Battle of AI: Comparative Analysis of Large Language Models and Machine Learning for Predicting DBS Motor Outcomes from Preoperative Cognitive Profiles
Postdoc Researcher Beth Israel Deaconess Medical Center cambridge, MA, US
Introduction: Motor outcomes following Deep Brain Stimulation (DBS) in Parkinson's Disease (PD) vary widely, with preoperative neurocognitive predictors underexplored, making individualized response prediction challenging. This study compares Large Language Models (LLMs) and Machine Learning (ML) for predicting DBS motor response.
Methods: A retrospective analysis (1990–2023) utilizing electronic records from a U.S. academic center incorporated clinical and cognitive data across multiple domains to train ML models, including XGBoost, and multivariate Logistic Regression.

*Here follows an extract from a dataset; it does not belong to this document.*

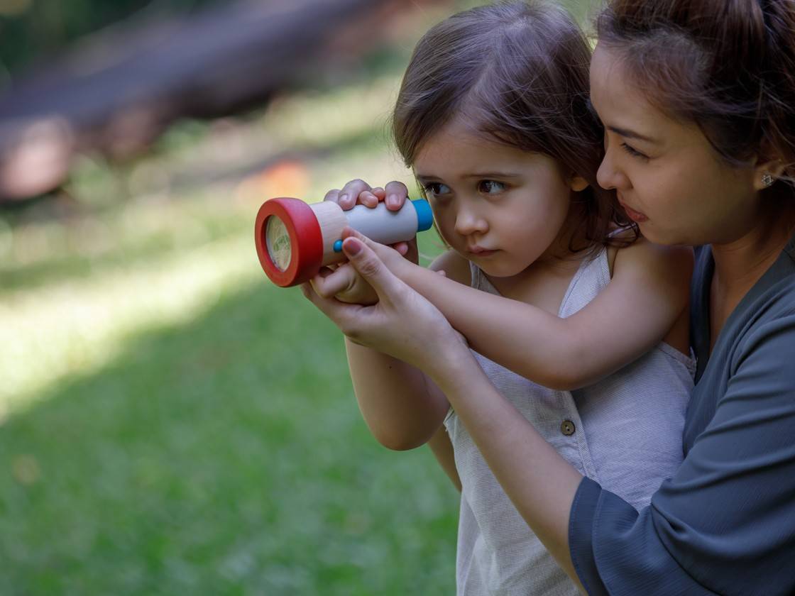 View the world through an artistic lens with the wooden Kaleidoscope! Little ones can put their favorite objects inside and experience a swirling explosion of brilliant colors.

Hyperparameter tuning was conducted using leave-one-out cross-validation nested within repeated 10-fold cross-validation. The Mistral LLM was evaluated using ZSP and DSP, using tailored prompts based on logistic regression coefficients. Models predicted a strong response with ≥40% motor improvement in UPDRS Part III scores within one year post-DBS. Performance metrics (accuracy, sensitivity, specificity, AUC-ROC) compared ML models and LLMs for DBS motor outcome prediction.
Results: Among 119 patients (mean age: 64.3 years, 70% male), 44% were strong responders. UPDRS III scores (off-medication) improved from 31.6 ± 14.55 to 28.84 ± 9.63. Feature importance analysis identified key predictors of motor improvement, including younger age at DBS surgery, shorter PD duration, and lower baseline UPDRS III scores. Conversely, poorer performance in categorical fluency, delayed recall, and lower Oral Trail A scores were associated with weaker outcomes (all p < 0.01).

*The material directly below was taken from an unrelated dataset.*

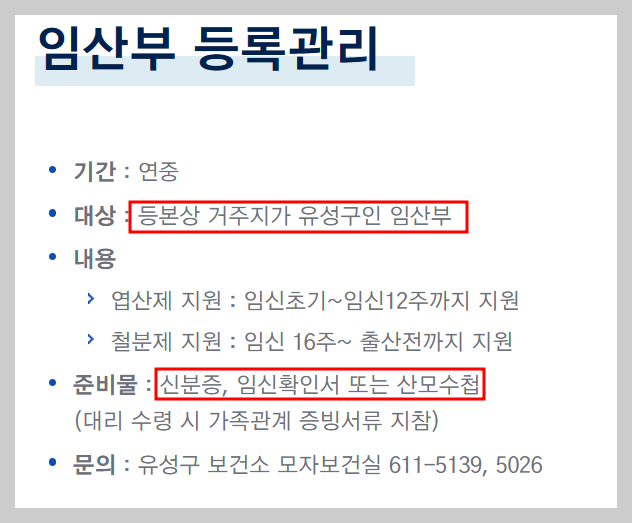 임신 후에는 '등본상 거주지가 유성구인 임산부' 만이 산전검사와 엽산제, 철분제를 무료로 받을 수 있다고 합니다. 또한 임산부 모유수유 교실과 유성구 산후조리원 현황에 대해서도 안내되어 있으니 참고하시어 임신을 준비하시는 분들에게 도움이 되었으면 좋겠습니다.

XGBoost achieved the highest performance (AUC-ROC: 87%, accuracy: 89%, sensitivity: 84%, specificity: 82%), followed by Logistic Regression (AUC-ROC: 79%, accuracy: 84%, sensitivity: 81%, specificity: 78%). DSP based on Logistic Regression coefficients, achieved 77% accuracy, outperforming ZSP (65%) across all metrics, including sensitivity (73 % vs. 51%) and specificity (72.5% vs. 65%).

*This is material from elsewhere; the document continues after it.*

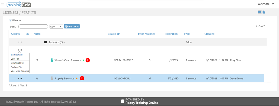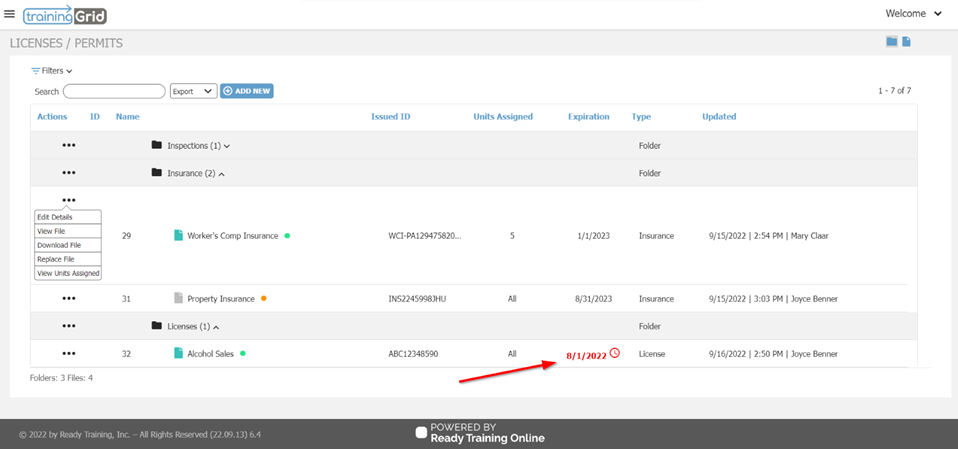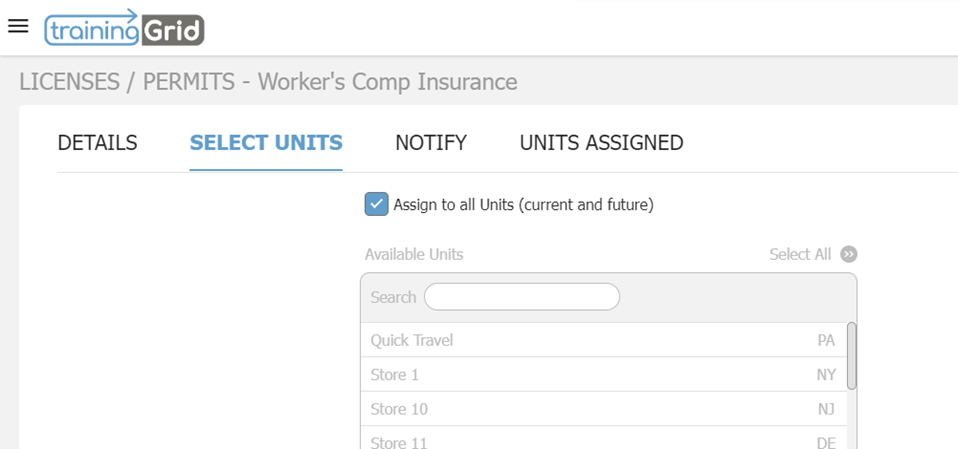 The 17.3 release of trainingGrid® introduces new functionality that allows you, as the training administrator, to upload and track licenses and permits specific to certain locations, as well as attach expiration dates and receive reminder notifications when certificates are about to expire. Licenses & Permits can be found under the Manage tab in the hamburger menu in trainingGrid®.

Conclusion : Preoperative cognitive performance in delayed recall, attention, and verbal fluency predicts motor outcomes. ML continues to excel over LLM with balanced predictive performance for structured data. Tailored LLM prompts based on ML-derived coefficients showed significant improvement over ZSP, highlighting their potential in leveraging unstructured data. Additionally, LLMs provide an advantage over black-box ML with interpretable reasoning, enhancing clinical applicability.